Gossip and sharing others titillating secrets has become a national pastime and an industry in itself. Think shows like Entertainment Tonight, magazines such as the National Enquirer and for a less celebrity slant, how about WikiLeaks.
Modern culture craves the confidential, the exposed, the fall from grace stories. It’s like witnessing a car wreck and not being able to look away. We have become voyeur’s to other peoples secrets.
So what does it take to keep a secret? Well the most important trait is honour. The ability to give your word that you will not divulge the information that is being entrusted to you.
The second most important trait is trust. When another person confides in you it is because they feel there is a level of trust between you. Sharing their secret with someone else betrays that trust and you may very well irreparably damage that relationship. So be sure you are up to the task and be honest to the other person if you are not.
I would have no problem sharing a secret if the information given to me indicated that the person was about to harm themselves or another. That kind of secret is really a cry for help and needs to be addressed as such.

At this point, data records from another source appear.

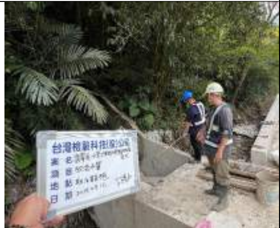
工區放流水(取水設施)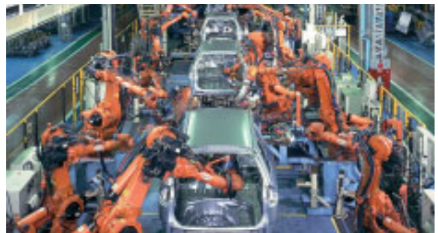
▲汽车车身厂的点焊工序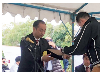
2019年12月7日 静岡県畜産共進会肉牛の部褒賞授与式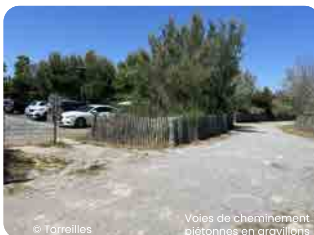
Voies de cheminement piétonnes en gravillons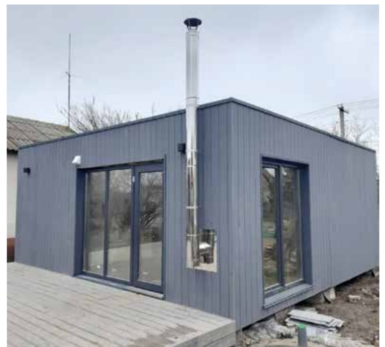
Два здания площадью по 39 м 2 построены на территории церковного комплекса в с. Петродолинское...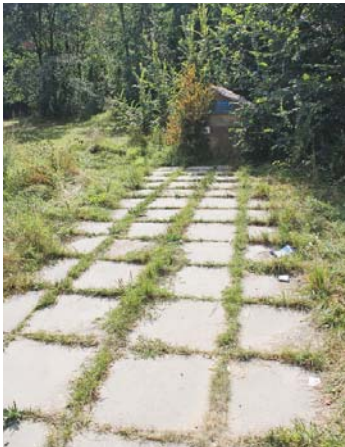
Плита майже повністю заросла кущами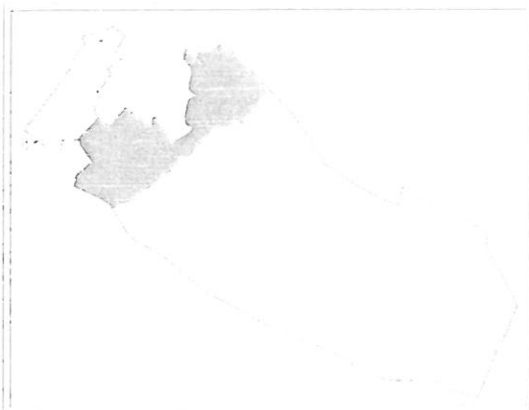
Nagyvízi meder területe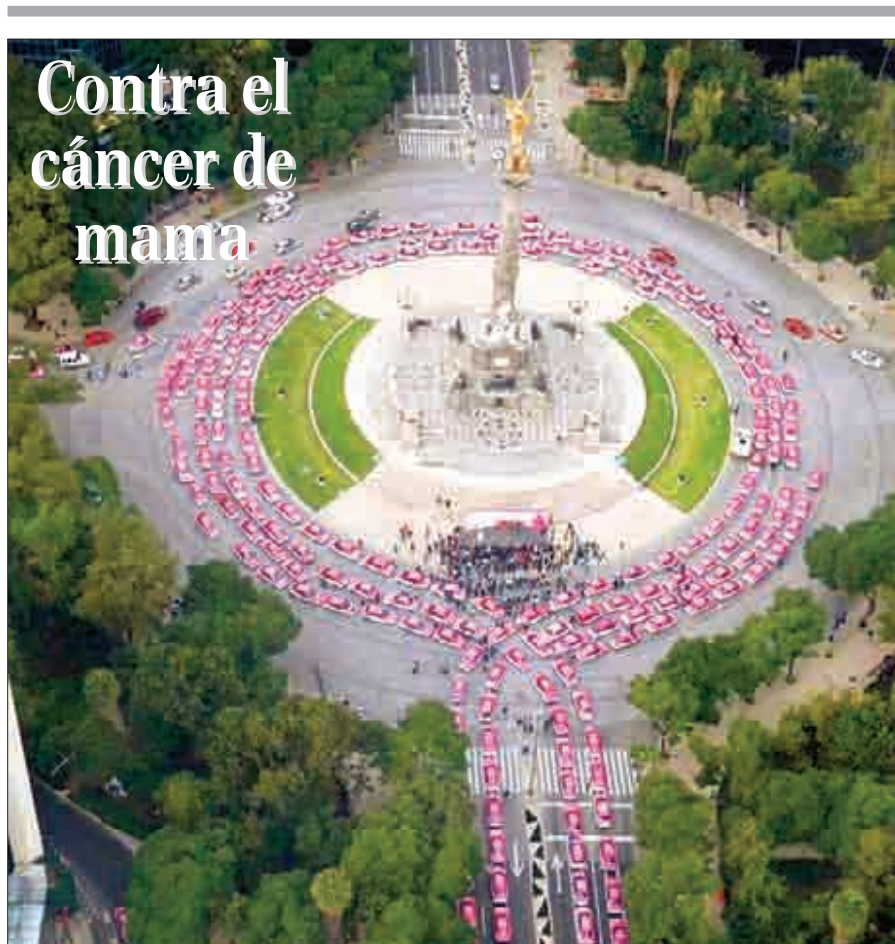
Cerca de 350 taxistas formaron con sus autos un lazo rosa alrededor del Ángel de la Independencia, en reconocimiento a la labor de la Fundación de Cáncer de Mama (Fucam).

No estén a la espera de reformas o cambios para actuar; hay que trabajar, dice durante la clausura de la Conferencia Anual de Municipios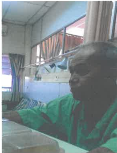
Gambar 1 Gambar Tokoh Sewaktu di Temubual

Penulis membuat kajian luar dengan menggunakan dua cara iaitu melalui temubual dan pemerhatian. Kaedah ini amat penting untuk penulis kerana melalui temubual, penulis dapat memperoleh maklumat tentang pengalaman peribadi tokoh semasa bertugas yang tidak terdapat di mana-mana terbitan sejarah. Penulis juga dapat mengesahkan fakta dan maklumat yg dikumpul melalui medium lain kepada tokoh.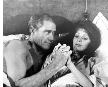
1970 LE TEMPS D'AIMER (Time for Loving) de Christopher Miles avec Joanna Shimkus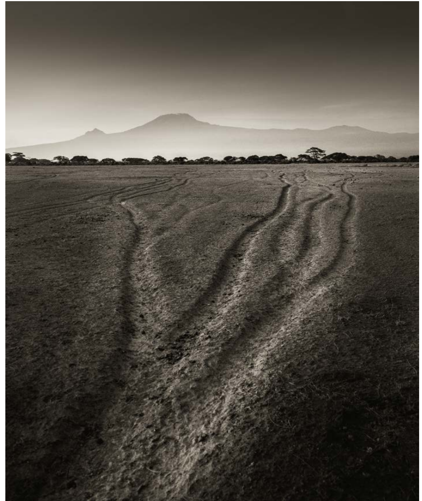
Elefantenpfade werden oft über Generationen hinweg benutzt. Dieser befindet sich im Amboseli Nationalpark.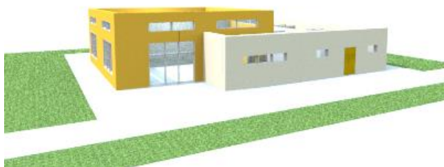
Pohled ze severu (ulice U Lesa):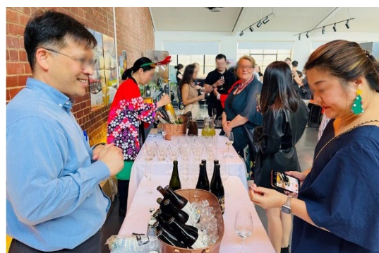
海外バイヤーとの商談会の様子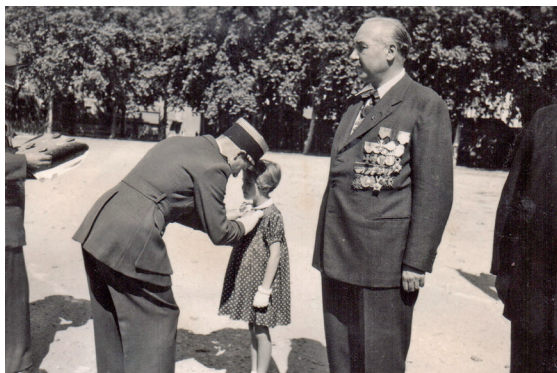
PLACE THIERS, CAHORS, 1949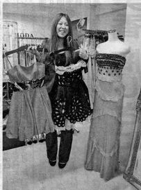
パーティードレスモータ東京表参道店 もレンタル可能だ。 パレンティノのドレス(右)などハイブランドのドレス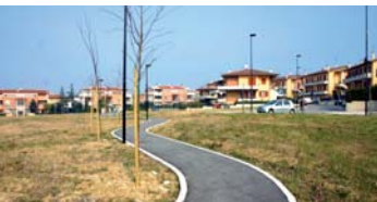
Pista ciclabile illuminata all'interno dell'area verde fra Strada Torcvia e Via Lago di Albano

In chiusura del mandato e al termine di un lungo percorso di partecipazione e confronto con istituzioni, associazioni e comitati di cittadini, è stato firmato il Patto di quartiere come strumento per una programmazione condivisa delle iniziative e per creare sinergie nell'utilizzo delle strutture.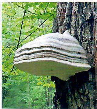
Obr. 5 Plodnica práchnovca kopytovitého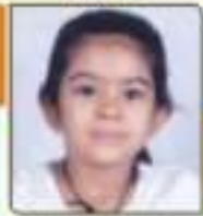
પદ્માલ મંજી અર. રાજકોટ, ૬૦૧૩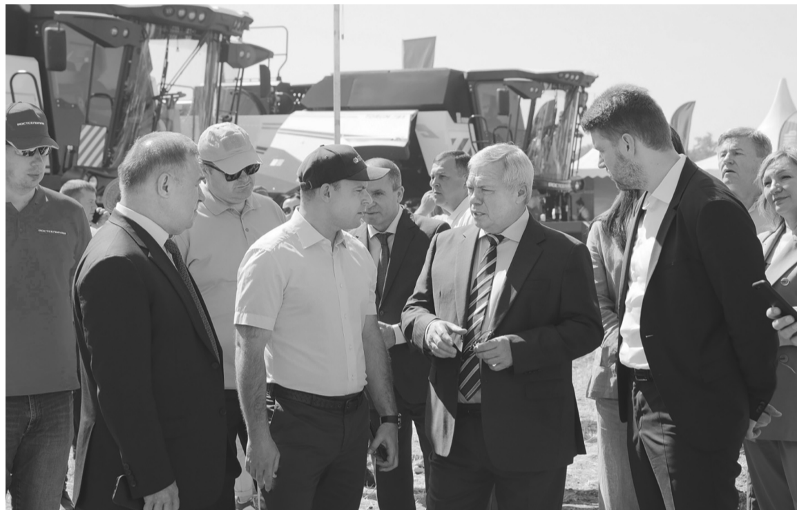
Ростовская область практически готова начать битву за урожай-2023

Самый большой парк сельхозтехники в стране сегодня, как из-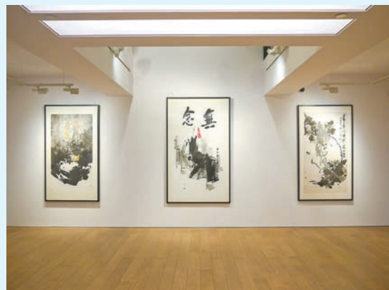
展覽展示了呂壽琨鮮有公開亮相的畫作。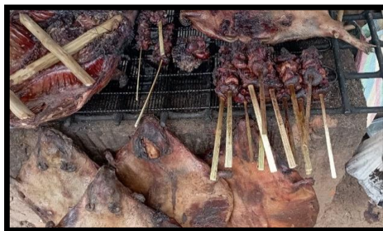
Figure 10. Illustration de quelques brochettes de viandes de brousse vendue le long de la route nationale n°1 sur l'axe routier Matadi – Manterne au Kongo Central

La viande de brousse constitue une source de revenus sûre pour certains ménages et par contre, elle satisfait aussi aux besoins nutritionnels et de sécurité alimentaire par l'apport des protéines animales dans certains ménages paysans (Ngoyi et al. , 2026).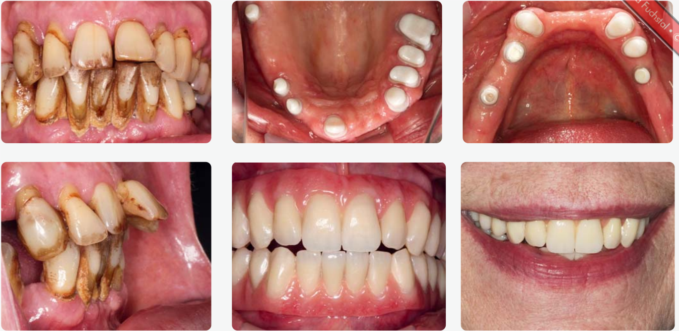
Ober- und Unterkieferrestauration auf Zähnen und Implantaten nach der Sanierung und der Bisshebung

We live at a time when information is easily obtained. Having a secret has become harder and harder to keep that way. Personal information is out there on the web. We Facebook our day to day activities, we bank online, we even file our taxes online, there is not much left out there to keep secret.
So when you are given a piece of information that requires your utmost discretion, understand that someone has taken you into their confidence, it is an honour, they are trusting you. Put a mental lock on this knowledge, file it away, even forget about it if you must, until such time as it is ok to release it because secrets rarely go to the grave anymore. Who will tell, will it be you?